I just went back and reread my original post and I think it it's not clear. What I meant to say was the blade should be further left from the next guide mark closest to the zero kerf line. Or as you put it just to the right of that line. I should have said that to be more clear. I've used the spacers before on my other saw. But in this case all those would do wood offset the line even more. So what I meant to say was my blade is cutting about a quarter of an inch offset to the right of the kerf as opposed to right next to it. If you look at the one thumbnail that I included in the original post, I used that kerf line on the guide to run over the line that I had drawn on the wood and you can see where the blade actually cut. Sorry for the confusion.


----------



## Nealtw (Jun 22, 2017)

RetroJoe_1 said:


> I just went back and reread my original post and I think it it's not clear. What I meant to say was the blade should be further left from the next guide mark closest to the zero kerf line. Or as you put it just to the right of that line. I should have said that to be more clear. I've used the spacers before on my other saw. But in this case all those would do wood offset the line even more. So what I meant to say was my blade is cutting about a quarter of an inch offset to the right of the kerf as opposed to right next to it. If you look at the one thumbnail that I included in the original post, I used that kerf line on the guide to run over the line that I had drawn on the wood and you can see where the blade actually cut. Sorry for the confusion.
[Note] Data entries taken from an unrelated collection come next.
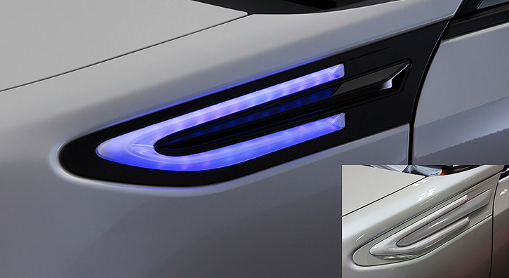 随所にLEDパーツを使って夜間のワンポイントドレスアップとして人気のLEDエンブレムや、ハイグレード感を出すLEDミラーウインカーなど特価販売。
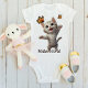 Introducing our adorable Hello World Baby bodysuit, designed to wrap your little one in warmth and joy. It features an endearing illustration of a cute kitten jumping for joy amidst colorful butterflies, bringing a touch of whimsy and cheer to any nursery. The sweet scene is perfectly complemented by editable text that reads "Hello World," allowing you to personalize the message and make it uniquely yours.
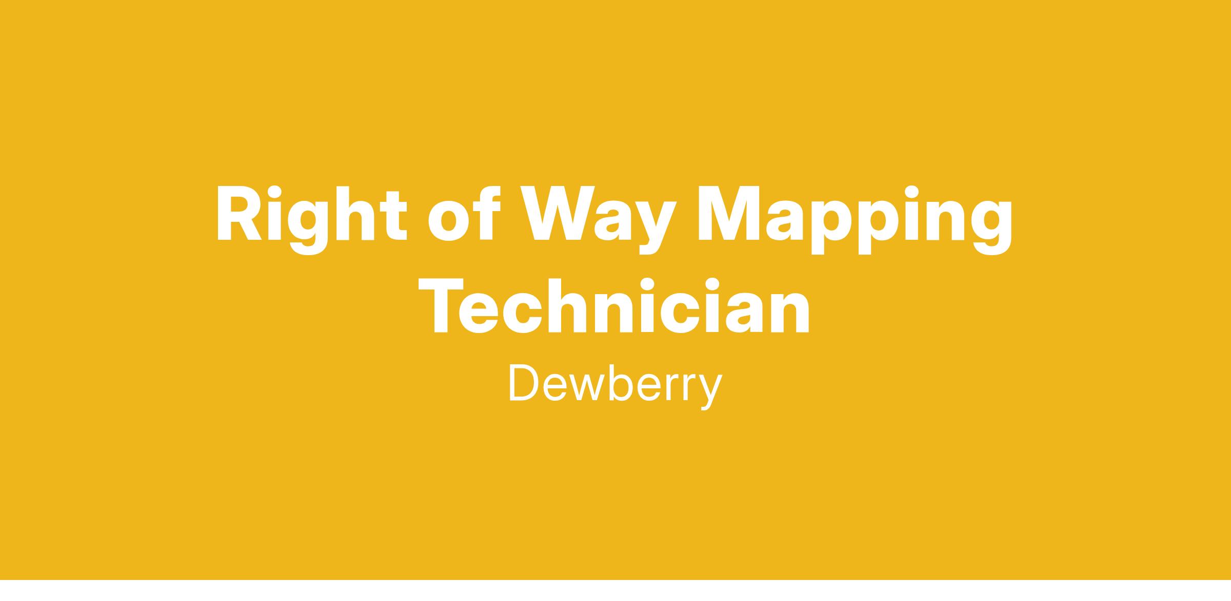 Dewberry is currently seeking a Right of Way Mapping Technician to join our Surveying and Mapping department in the Central Florida. The candidate must be able to work in a team environment as a member of a survey department, assisting in the performance of Right of Way Control Surveys, Right-of Way Maps, Sketches of Description and Boundary and Specific Purpose surveys. The position has opportunity for advancement for motivated individuals willing to learn the skills and technology required.
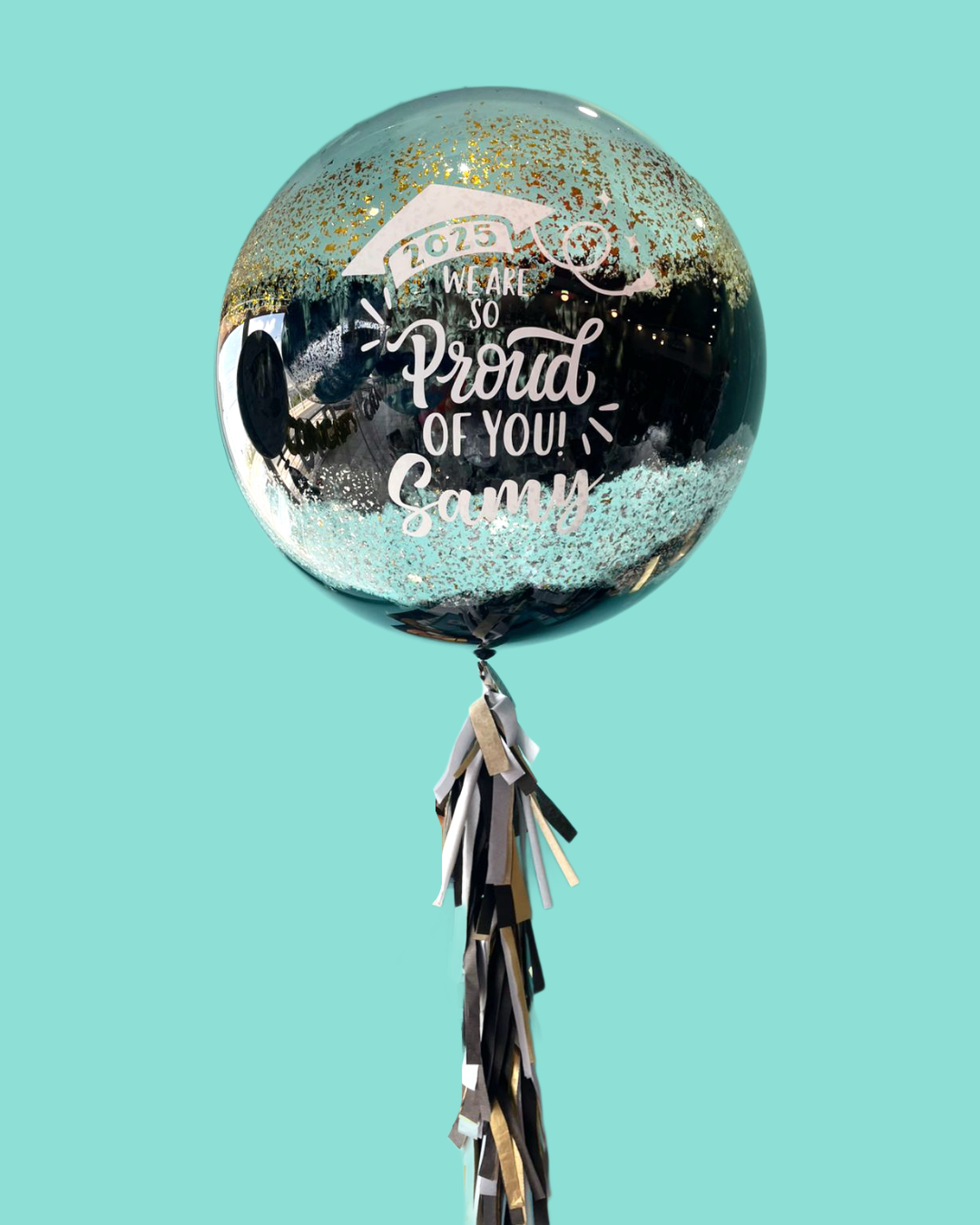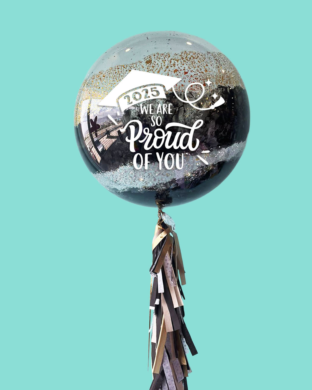 Burbuja personalizada 60 cm con diseño a rayas de graduación
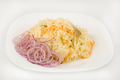 El chucrut de repollo o col en vinagre es un alimento con probióticos muy nutritivo. Puede ser un buen acompañamiento para tus ensaladas o para comer con hot dogs y cebolla.
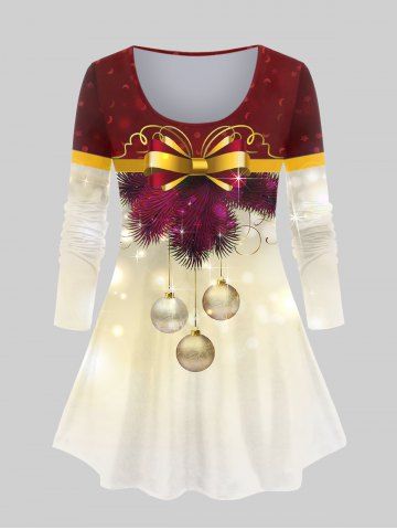 Tops > T-shirt à Imprimé Sapin de Noël et Boule de Grande Taille avec Nœud Papillon
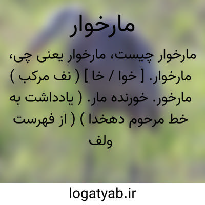 مارخوار. [ خوا / خا ] ( نف مرکب ) مارخور. خورنده مار. ( یادداشت به خط مرحوم دهخدا ) ( از فهرست ولف ): یزدجرد گفت این چندین تن خلق که اندر جهانند بدیدم از ترک و دیلم و سقلاب و هند و سند و هرچند در جهان خلق است بدبخت تر از شما [ عرب ] نیست که شما همه موش خوارید و مارخوار. ( ترجمه طبری بلعمی ).
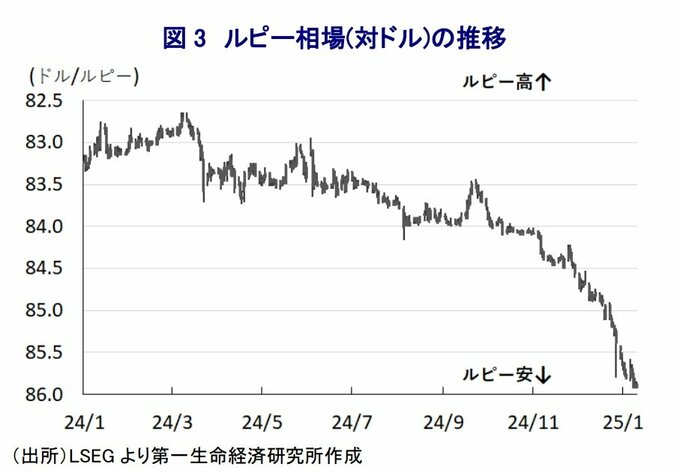 よって、足下のインド金融市場は通貨、株式、債券のすべてに売り圧力が掛かる『トリプル安』に直面していると捉えられる。
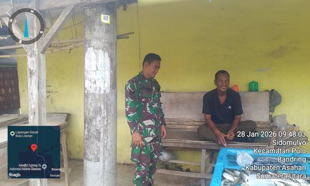 Asahan  |  Dengan melaksanakankegiatan Komsos bersama warga Kelurahan yang hadir dalam kegiatan ini menyambut baik inisiatif Babinsa dan berharap agar kegiatan serupa dapat terus dilakukan, “Kami sangat menghargai upaya Babinsa dalam membangun hubungan yang baik dengan masyarakat, semoga kegiatan ini dapat memperkuat hubungan dan meningkatkan kesadaran warga dalam menjaga kamtibmas, dalam kesempatan ini seperti yang dilakukan oleh Personel Bintara Pembina Desa (Babinsa) Koramil 18/Meranti jajaran Kodim 0208/Asahan Serka Jevi Rahman Siahaan turun kewilayah binaan untuk turut serta melaksanakan kegiatan Komunikais Sosial (Komsos) bersama dengan Warga masyarakat binaan, kegiatan Komsos dengan warga Bapak Anto, sekaligus sebagai sarana untuk memonitor segala perkembangan yang terjadi ditengah tengah masyarakat, kegiatan tersebut yang dilaksanakan bertempat di Desa Sidomulyo Kecamatan Pulo Bandring Kabupaten Asahan, Rabi (28/01/2026).
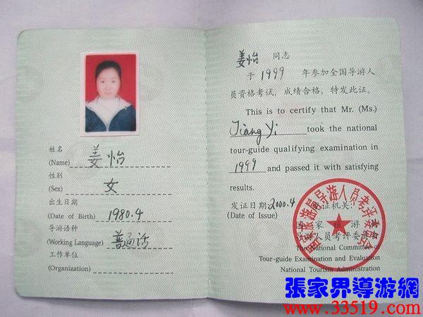 | 姜怡,女,黯游員資格書編號:Hun990125。 大專歷,自99年9月森林保護節前開始從事黯游工作,同年十二月參加全國黯游員資格考,並以優成績取得“國黯”,現為西鰤禤營業鰝滷M職黯游員。整個帶團期間,無蕆團或散客,未出現一次旅游事故或游客投訴事件,普遍反映帶團效果好。 | 黯游自述
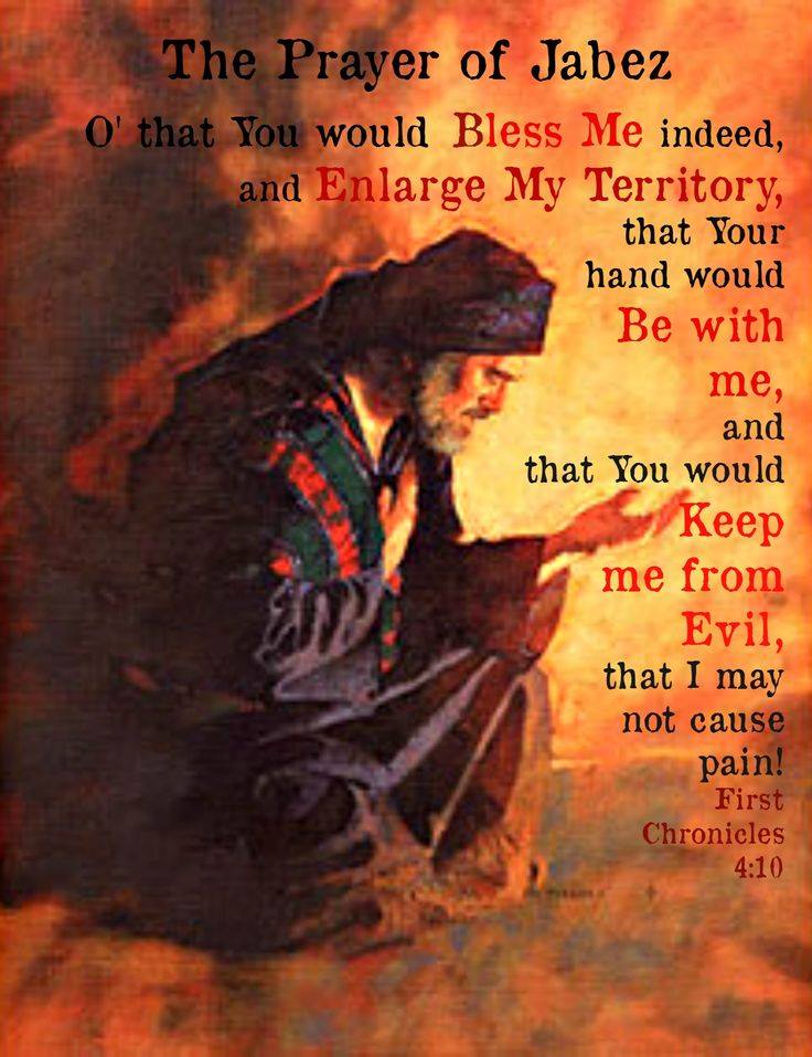 「雅比斯求告以色列的神說:『甚願你賜福與我,擴張我的境界,常與我同在,保佑我不遭患難,不受艱苦。』神就應允他所求的。」(10)
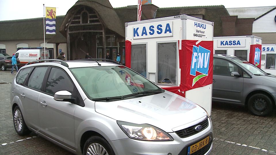 Op het parkeerterrein is met pylonnen een heuse staakstraat afgezet. ,,Vanwege het coronavirus moet het zo sober mogelijk en moeten contacten vermeden worden. We moeten zo ver mogelijk uit elkaar blijven, vandaar die staakstraat”, aldus Meeder.
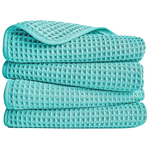POLYTE Mikrofiber luddfri handduk, 40 x 76 cm, 4-pack (Aqua, våffelväv)
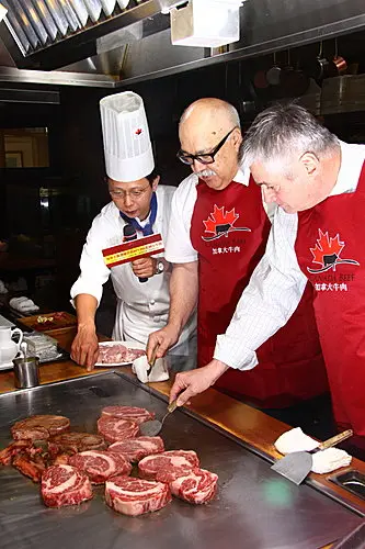 主廚和加拿大經貿辦事處官員們一起下廚煎牛排~香氣四溢~
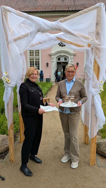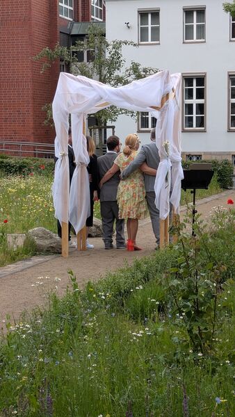 Begleitet wurden die Zeremonien von der Orgel, Sängerin Karina und dem Gospelchor des Kirchenkreises. Es gab Sekt und Blumen, eine Fotografin war vor Ort und die Kusshaltestelle am Traubogen war ein beliebter Stopp.
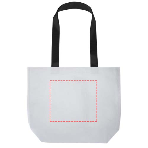 The Duo double laminated bottom tote bag is made from 150 g/m2 GRS certified RPET with double lamination, and offers enhanced durability and water resistance when it counts. It features a spacious open main compartment, sturdy reinforced handles, and a wide bottom for added capacity. Designed to carry up to 10 kg, it's a stylish and reliable option for daily errands, trade shows, or promotional events. Volume capacity: 18 litres.
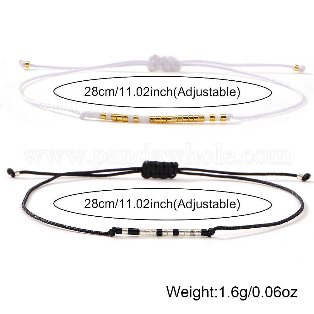 2шт. минималистичные браслеты из плетеного бисера и стеклянных бусин, Регулируемый браслет из нейлоновой нити для пары
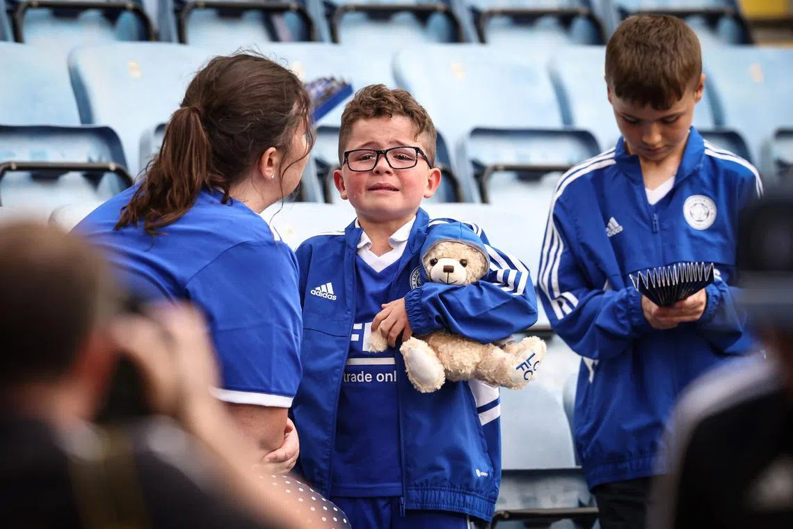 A Leicester City fan crying at the end of the club’s 2-1 win against West Ham United on Sunday.
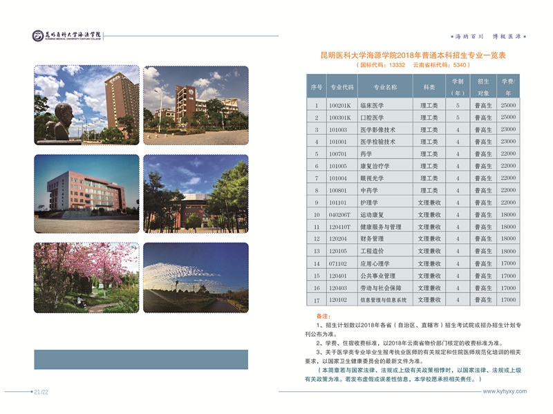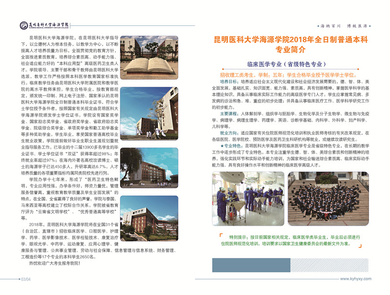 昆明醫(yī)科大學(xué)海源學(xué)院2018年招生簡(jiǎn)章
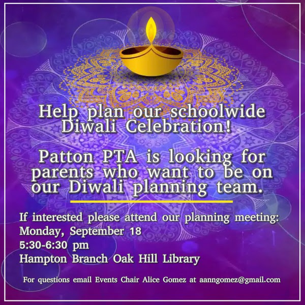 - Mon, Sept 18th, 5:30-6:30pm @ Hampton Branch library: Help plan our school-wide Diwali Celebration!

 Yeah, they have assembled the wrong table or the wrong arbor.
They probably have instructions written in broken English.


----------



## SeniorSitizen (Sep 10, 2012)

When you go back with yours take a straight edge along. It's common for Lowe's to have one on display so check it. If one isn't on display, rather than asking to open the box before purchase ask them to place one on display then you can examine it for blade alignment defects. If you purchase the same make or another brand check it before leaving the property being they ALL come from the same country of origin.


----------



## Nealtw (Jun 22, 2017)

Interesting video at this site.
https://www.workshopaddict.com/tools/dewalt-dcs570-20v-7-14-circular-saw-with-blade-brake-review/


----------



## ZTMAN (Feb 19, 2015)

Are you sure the blade is at ninety degrees. These new saws have so many adjustments it boggles my mind.


----------



## RetroJoe_1 (Nov 19, 2017)

ZTMAN said:


> Are you sure the blade is at ninety degrees. These new saws have so many adjustments it boggles my mind.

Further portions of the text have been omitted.